Part II—Analyzing Walmart’s Share Price Using the Value-Earnings Ratio, Price-Earnings Ratio, Price Differentials, and Reverse Engineering
j. Use the forecast data for Year +1 to project Year +1 earnings per share. To do so, divide Walmart’s projected comprehensive income available for common shareholders in Year +1 by the number of common shares outstanding at the end of 2012. Using this Year +1 earnings-per-share forecast and the share value computed in Requirement h, compute Walmart’s value-earnings ratio.
k. Using the Year +1 earnings-per-share forecast from Requirement j and using the share price of $69.09 at the end of 2012, compute Walmart’s price-earnings ratio. Compare Walmart’s value-earnings ratio with its price-earnings ratio. What does the comparison suggest regarding the pricing of Walmart shares in the market: underpriced, overpriced, or fairly priced? What investment decision does the comparison suggest? Does this comparison lead to the same conclusions you reached when comparing value-to-book ratios with market-to-book ratios in Requirement g?
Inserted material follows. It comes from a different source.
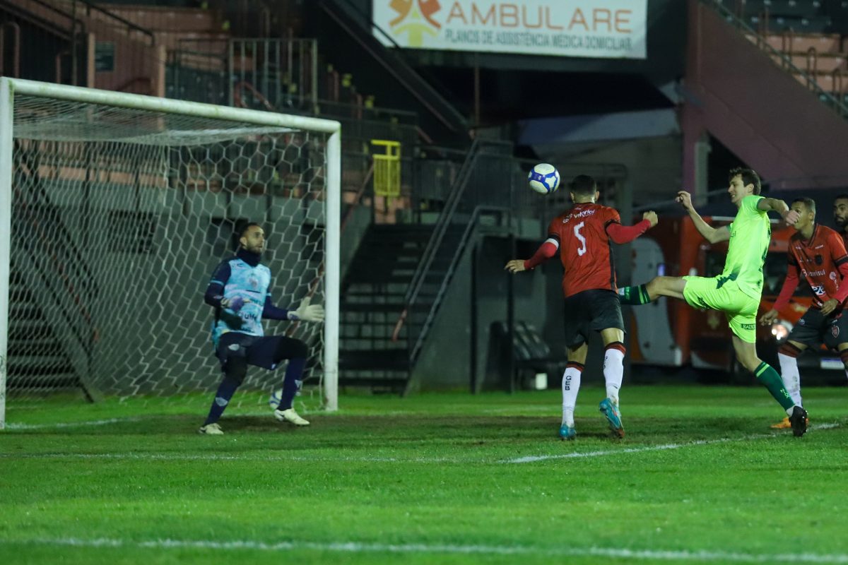 1’: Gol do Brasil. Bola na área, a zaga do Avenida afasta parcialmente, mas a bola sobra para Adriano Klein. O extrema acerta um chute forte, sem chances para Rafael Pin: 2 a 0.

l. Note: For this part only, assume Walmart’s long-run growth beginning in Year +6 will be 1% rather than 3%. With a 1% growth rate, Year +6 comprehensive income will be $21,059 million. Compute Walmart’s price differential at the end of 2012. Compute Walmart’s price differential as a percentage of Walmart’s risk-neutral value. What dollar amount and what percentage amount has the market discounted Walmart shares for risk?
m. Reverse engineer Walmart’s share price at the end of 2012 to solve for the implied expected rate of return. First, assume that value equals price and that the earnings and 3% long-run growth forecasts in Year þ6 and beyond are reliable proxies for the market’s expectations for Walmart. Then solve for the implied expected rate of return (the discount rate) the market has impounded in Walmart’s share price. 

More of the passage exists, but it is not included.